Lesson 146
My mind holds only what I think with God.
“No one can fail who seeks to reach the truth.”
“I loose the world from all I thought it was.”
Journal
No one can fail who seeks to reach the truth because the mind holds only what is thought with God. The truth is already in the mind of the seeker. We know the truth. When that doesn’t seem to be the case, it is because we are deliberately hiding it from ourselves. Our purpose for being here now is to remember what we decided to forget. How hard could this be?
To remember what I know, I must forget what I use to obscure the truth. I must loose the world from all I thought it was, from all I made of it. The world is a place to be something I am not. It is a place for the eternally innocent to pretend they are guilty and then to project the blame on something or someone else so they can pretend they are not guilty at the expense of another aspect of their Self. It is an insane asylum. Why would I not gladly loose it from this insanity?
Regina’s Tips
I thought my happiness resided in the world.
My thoughts
That is exactly why we don’t just set the world aside and wake up. We still believe that our happiness resides in the world. We find just enough happiness to keep us from giving up and we keep searching no matter how fruitless the search turns out to be. Do I suffer from pain? Maybe I will find a magic solution to that pain. Did my relationship fall apart? Maybe the next one will be perfect. Even if that has not ever happened, it might this time. I loose the world from all I thought it was because I was wrong to think that my happiness lay in it.
Past Entry
I have gone through many stages of learning and sometimes I despaired of ever making any progress. I felt hopeless as a student. But I see now that I was moving down my path, sometimes slowly and other times moving at a good clip. I understand now that I was always going at the perfect pace. While I used to be frustrated at my pace and wanted desperately to wake up, I am now much more comfortable with where I am.
I do want to wake up, and I yearn for the memory of my Self and of God. But I don’t feel impatient. I also think that for a while there Awakening was my goal only because I saw it as my way out of my discomfort. That won’t work. Yes, contrast helps me see what is working and what is not, and the contrast motivates me to do what I need to do. But anything coming from fear is not going to bring me to the truth.
Here is what changed. I am not running from anything now. I am moving toward something. I am not trying to get away from my own decisions. I am making new decisions and doing this with the Holy Spirit. I am choosing to awaken out of love, not out of fear. Maybe that is why I am so much more comfortable with the situation.
I am still in the process of loosing the world from all I thought it was, still doing this after all these years. It is easier now and I am not fighting it. I notice something that I am idolizing and I stop. I open myself to God’s Word and let It heal me. I don’t feel guilty for these dark thoughts and so I am able to look and release more easily and more quickly. I want to see the world the way Holy Spirit sees it, so I have to let go of my own view of it. I will not fail because I cannot fail.

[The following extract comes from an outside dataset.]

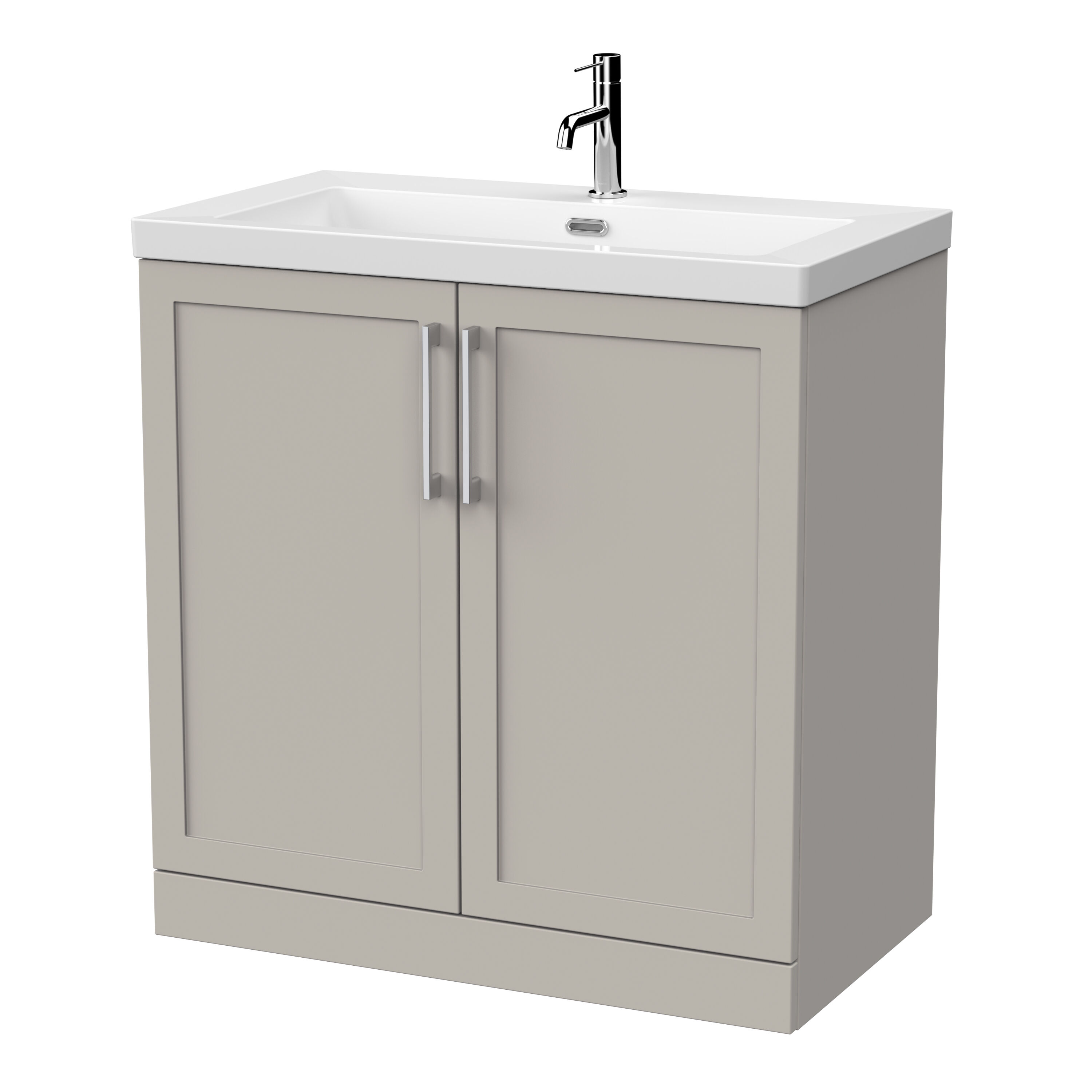 nuie Lux Larck 800mm 2-Door Floor Standing Unit with Contemporary Fireclay Basin - 1 Tap Hole - Pebble Grey

I love this. “No one can fail who seeks to reach the truth.” That means I AM safe, we are safe because we are all seekers. There is no failure. There is is only being awake or sometimes sleeping while dreaming. Moving in and out the dream gives me moments of bliss, happiness and love. Two days ago the lesson said all Love is From God. So there are moments I feel and express that Love, and there are times I fall asleep again. I try to loose the world from what I think it is, and I am doing better at that than before. But it depends on when I’m asleep what the dream consists of that day. I no longer try to change the dream. I did notice that. I do my lessons, talk to Holy Spirit knowing I will have a moment of being awake today or tomorrow but there is no failure because I am seeking Truth. Thank You Holy Spirit. Thank YOu Myron for your sharing of your path.